Instructions to follow:
Reproduce the entries below exactly, but only from the line containing "We first tried" to the line containing "2023年12月16日,由江", inclusive.
---------- Provided information
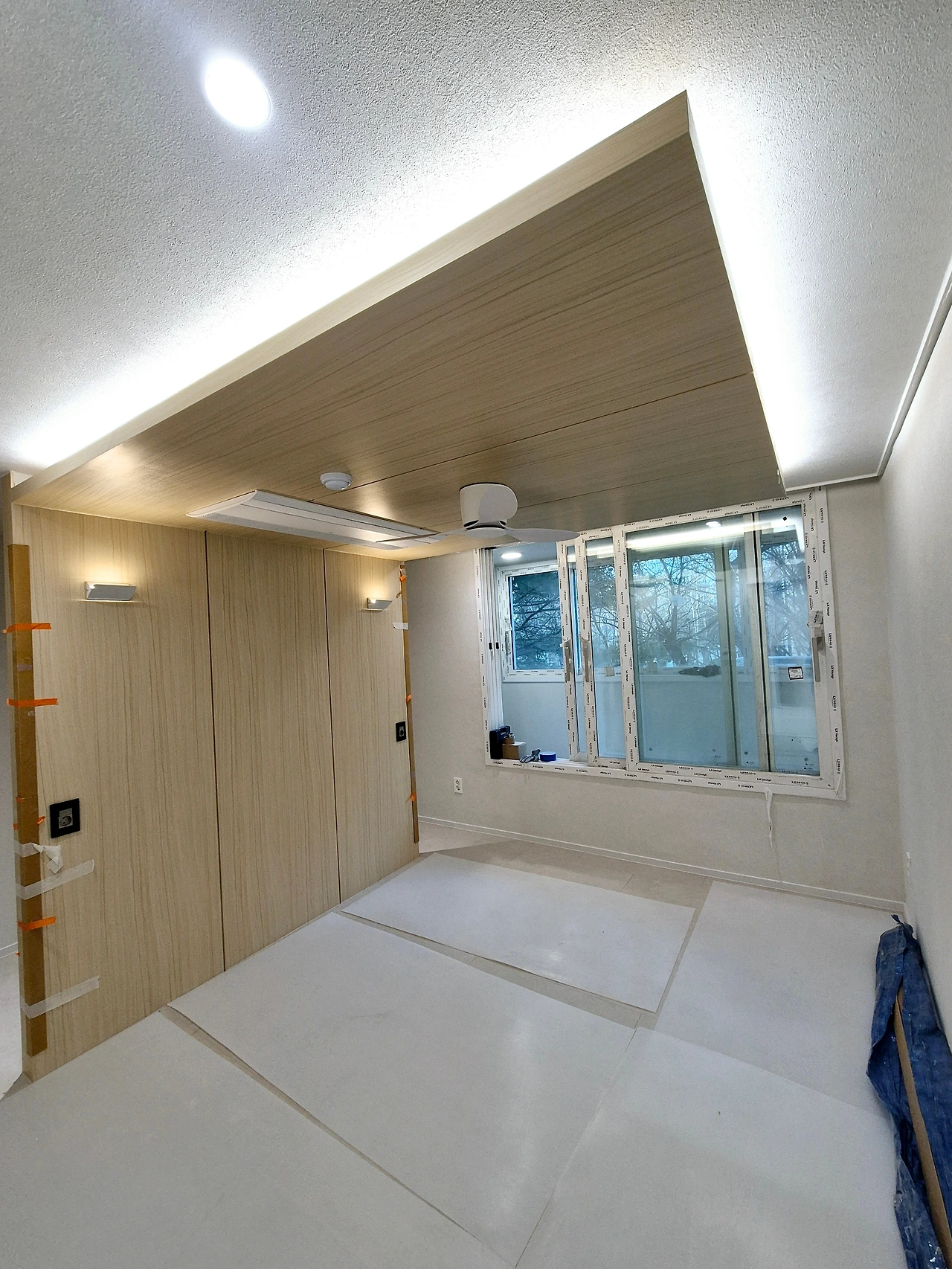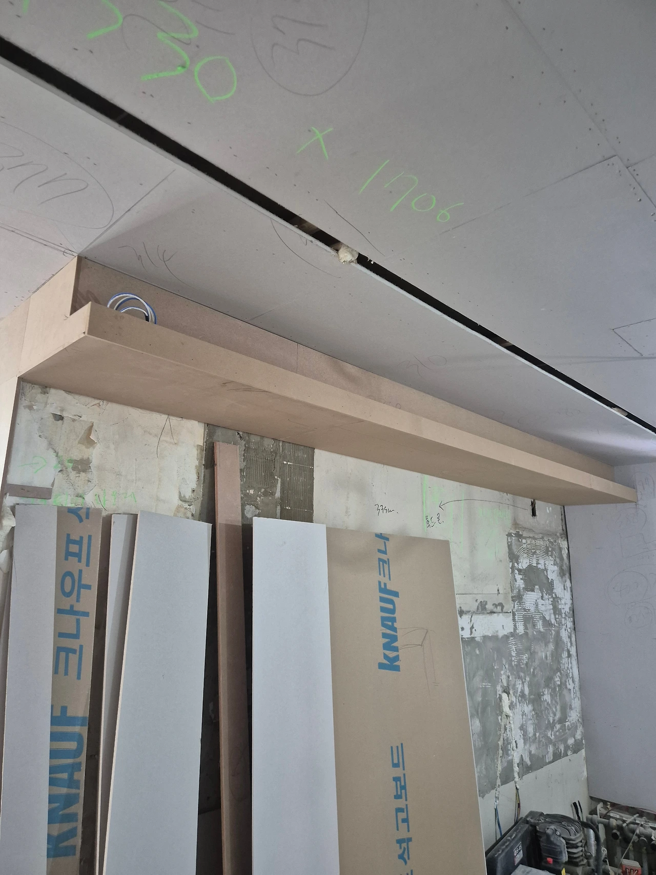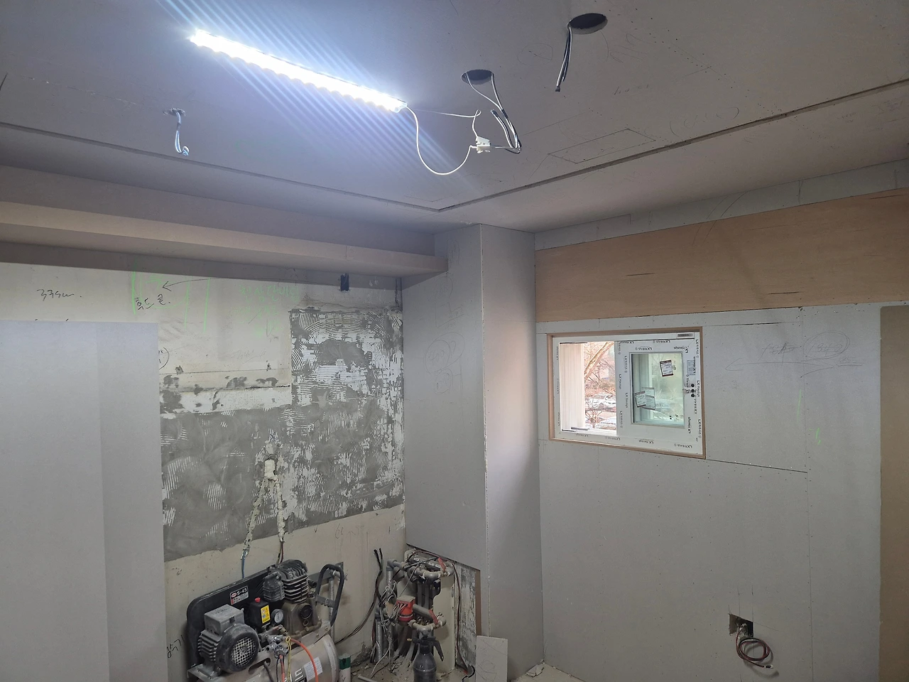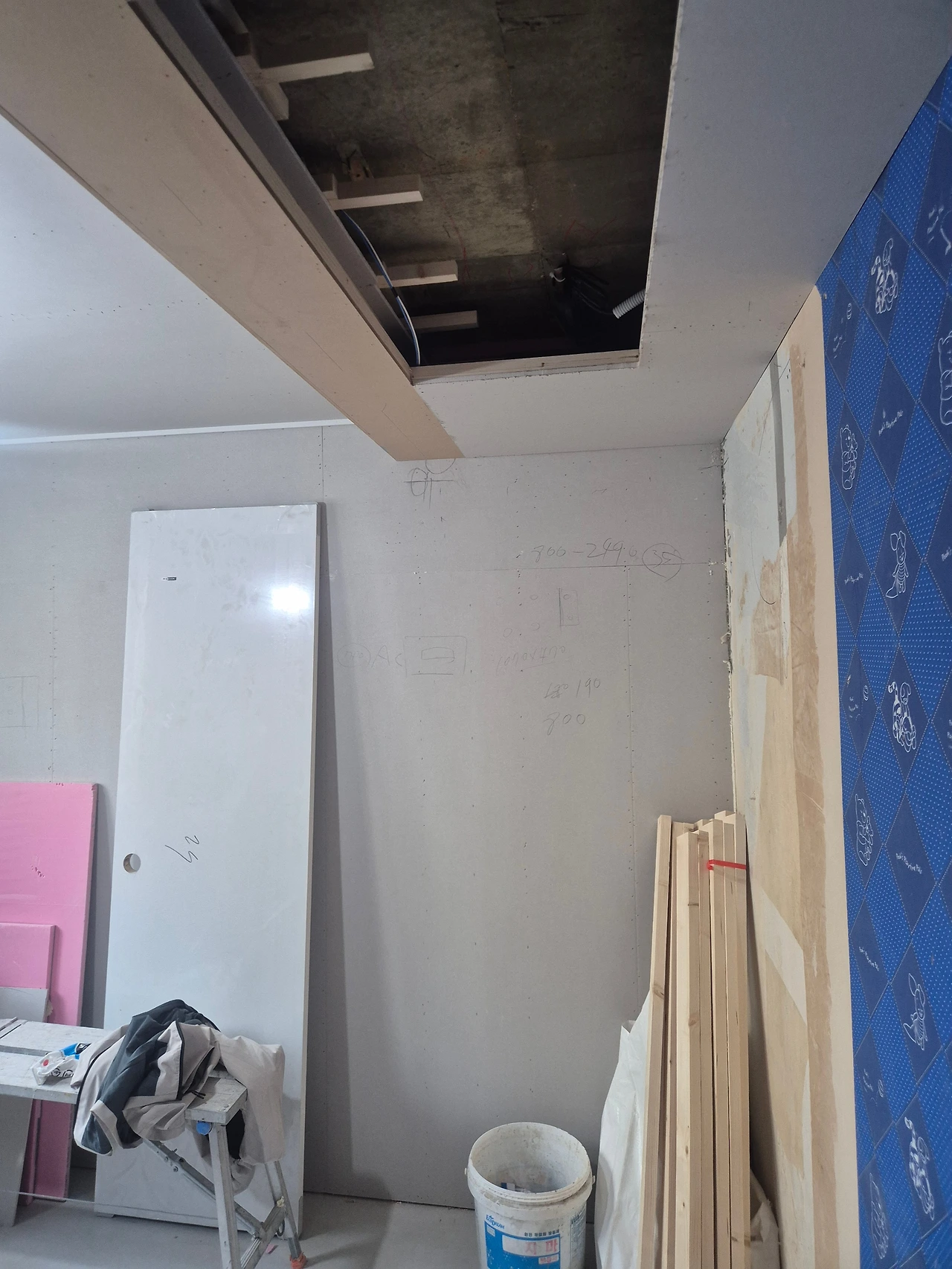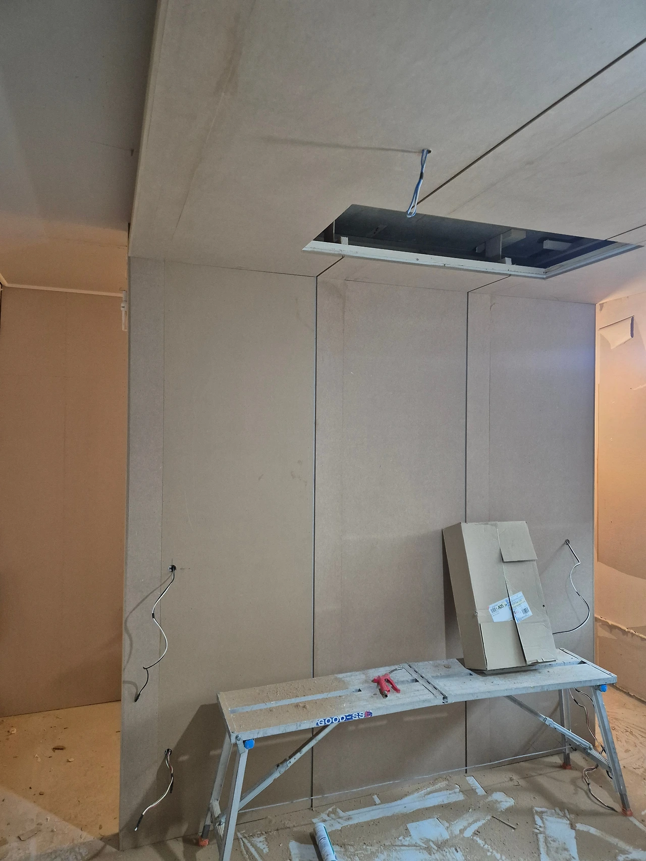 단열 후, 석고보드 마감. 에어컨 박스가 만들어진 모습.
--------------------
---------- Provided information
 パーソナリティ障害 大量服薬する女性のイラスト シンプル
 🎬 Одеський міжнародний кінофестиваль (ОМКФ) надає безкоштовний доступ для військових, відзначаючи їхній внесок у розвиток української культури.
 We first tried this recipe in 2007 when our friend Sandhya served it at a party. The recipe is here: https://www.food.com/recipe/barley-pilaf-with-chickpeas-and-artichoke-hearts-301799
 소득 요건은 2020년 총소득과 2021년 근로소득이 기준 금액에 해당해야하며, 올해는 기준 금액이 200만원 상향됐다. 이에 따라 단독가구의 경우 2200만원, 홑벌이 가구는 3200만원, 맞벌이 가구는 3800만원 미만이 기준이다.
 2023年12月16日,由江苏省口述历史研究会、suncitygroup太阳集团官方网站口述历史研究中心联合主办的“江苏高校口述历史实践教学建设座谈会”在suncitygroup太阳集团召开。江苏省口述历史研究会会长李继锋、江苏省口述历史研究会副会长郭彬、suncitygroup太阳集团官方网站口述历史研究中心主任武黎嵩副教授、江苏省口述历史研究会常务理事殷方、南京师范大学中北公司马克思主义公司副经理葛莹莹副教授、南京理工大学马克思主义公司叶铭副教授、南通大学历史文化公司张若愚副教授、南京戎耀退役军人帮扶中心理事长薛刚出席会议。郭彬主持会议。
--------------------
Result for this task:
 We first tried this recipe in 2007 when our friend Sandhya served it at a party. The recipe is here: https://www.food.com/recipe/barley-pilaf-with-chickpeas-and-artichoke-hearts-301799
 소득 요건은 2020년 총소득과 2021년 근로소득이 기준 금액에 해당해야하며, 올해는 기준 금액이 200만원 상향됐다. 이에 따라 단독가구의 경우 2200만원, 홑벌이 가구는 3200만원, 맞벌이 가구는 3800만원 미만이 기준이다.
 2023年12月16日,由江苏省口述历史研究会、suncitygroup太阳集团官方网站口述历史研究中心联合主办的“江苏高校口述历史实践教学建设座谈会”在suncitygroup太阳集团召开。江苏省口述历史研究会会长李继锋、江苏省口述历史研究会副会长郭彬、suncitygroup太阳集团官方网站口述历史研究中心主任武黎嵩副教授、江苏省口述历史研究会常务理事殷方、南京师范大学中北公司马克思主义公司副经理葛莹莹副教授、南京理工大学马克思主义公司叶铭副教授、南通大学历史文化公司张若愚副教授、南京戎耀退役军人帮扶中心理事长薛刚出席会议。郭彬主持会议。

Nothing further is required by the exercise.